▸ **Work item**
Beginning with the line that contains "On the other", copy each subsequent line of the data below through the last one, including both ends but not the pictures.

==== Data provided ====

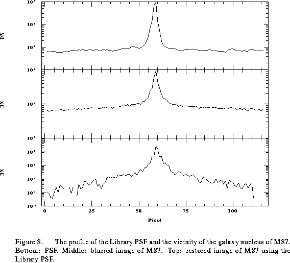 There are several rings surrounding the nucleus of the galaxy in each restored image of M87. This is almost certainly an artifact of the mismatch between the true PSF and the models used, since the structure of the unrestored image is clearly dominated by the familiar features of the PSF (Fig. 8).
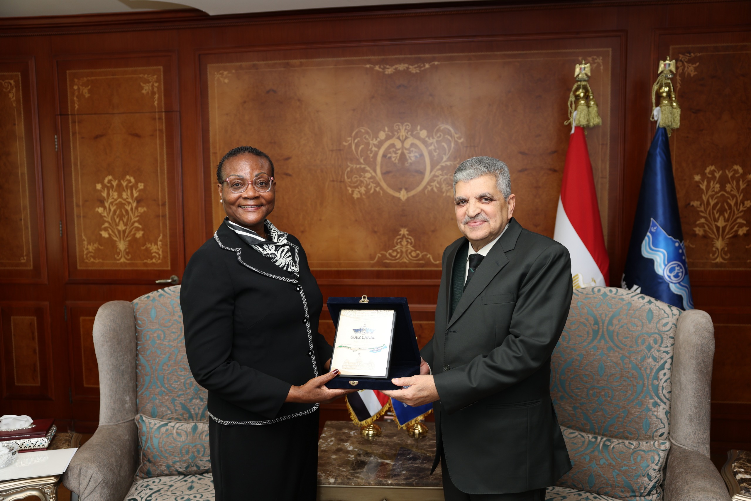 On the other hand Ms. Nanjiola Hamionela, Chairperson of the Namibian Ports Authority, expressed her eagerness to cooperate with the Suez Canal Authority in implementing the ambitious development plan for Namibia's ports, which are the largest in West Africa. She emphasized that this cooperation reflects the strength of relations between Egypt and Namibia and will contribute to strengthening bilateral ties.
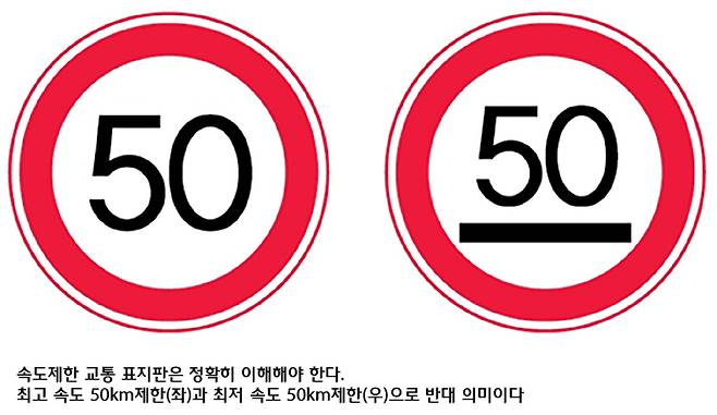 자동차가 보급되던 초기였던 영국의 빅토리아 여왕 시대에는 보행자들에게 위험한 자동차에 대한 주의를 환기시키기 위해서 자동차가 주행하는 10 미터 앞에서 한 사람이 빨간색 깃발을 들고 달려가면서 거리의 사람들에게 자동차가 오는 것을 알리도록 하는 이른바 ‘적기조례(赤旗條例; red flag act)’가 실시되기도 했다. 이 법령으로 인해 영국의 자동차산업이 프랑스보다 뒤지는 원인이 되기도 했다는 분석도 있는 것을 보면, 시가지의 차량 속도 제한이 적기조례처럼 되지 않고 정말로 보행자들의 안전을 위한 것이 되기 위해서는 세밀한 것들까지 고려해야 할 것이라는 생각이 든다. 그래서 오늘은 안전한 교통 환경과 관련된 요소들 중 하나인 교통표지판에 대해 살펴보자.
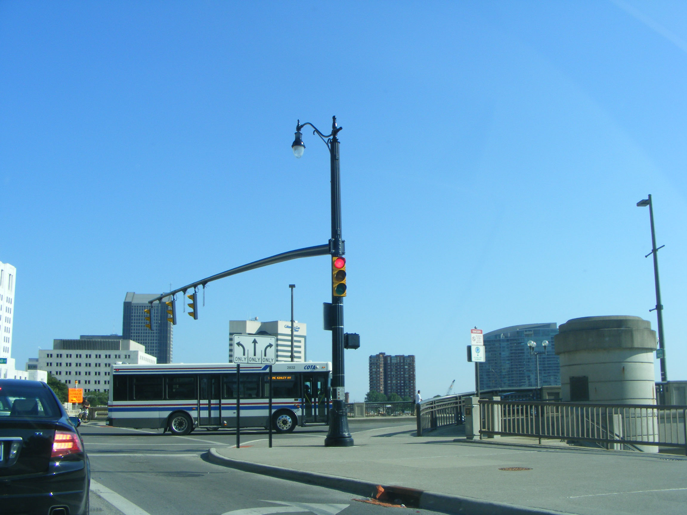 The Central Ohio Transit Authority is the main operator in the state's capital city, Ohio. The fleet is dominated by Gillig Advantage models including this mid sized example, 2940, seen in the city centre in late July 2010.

====

▸ **Answer to this exercise**
 On the other hand Ms. Nanjiola Hamionela, Chairperson of the Namibian Ports Authority, expressed her eagerness to cooperate with the Suez Canal Authority in implementing the ambitious development plan for Namibia's ports, which are the largest in West Africa. She emphasized that this cooperation reflects the strength of relations between Egypt and Namibia and will contribute to strengthening bilateral ties.
 자동차가 보급되던 초기였던 영국의 빅토리아 여왕 시대에는 보행자들에게 위험한 자동차에 대한 주의를 환기시키기 위해서 자동차가 주행하는 10 미터 앞에서 한 사람이 빨간색 깃발을 들고 달려가면서 거리의 사람들에게 자동차가 오는 것을 알리도록 하는 이른바 ‘적기조례(赤旗條例; red flag act)’가 실시되기도 했다. 이 법령으로 인해 영국의 자동차산업이 프랑스보다 뒤지는 원인이 되기도 했다는 분석도 있는 것을 보면, 시가지의 차량 속도 제한이 적기조례처럼 되지 않고 정말로 보행자들의 안전을 위한 것이 되기 위해서는 세밀한 것들까지 고려해야 할 것이라는 생각이 든다. 그래서 오늘은 안전한 교통 환경과 관련된 요소들 중 하나인 교통표지판에 대해 살펴보자.
 The Central Ohio Transit Authority is the main operator in the state's capital city, Ohio. The fleet is dominated by Gillig Advantage models including this mid sized example, 2940, seen in the city centre in late July 2010.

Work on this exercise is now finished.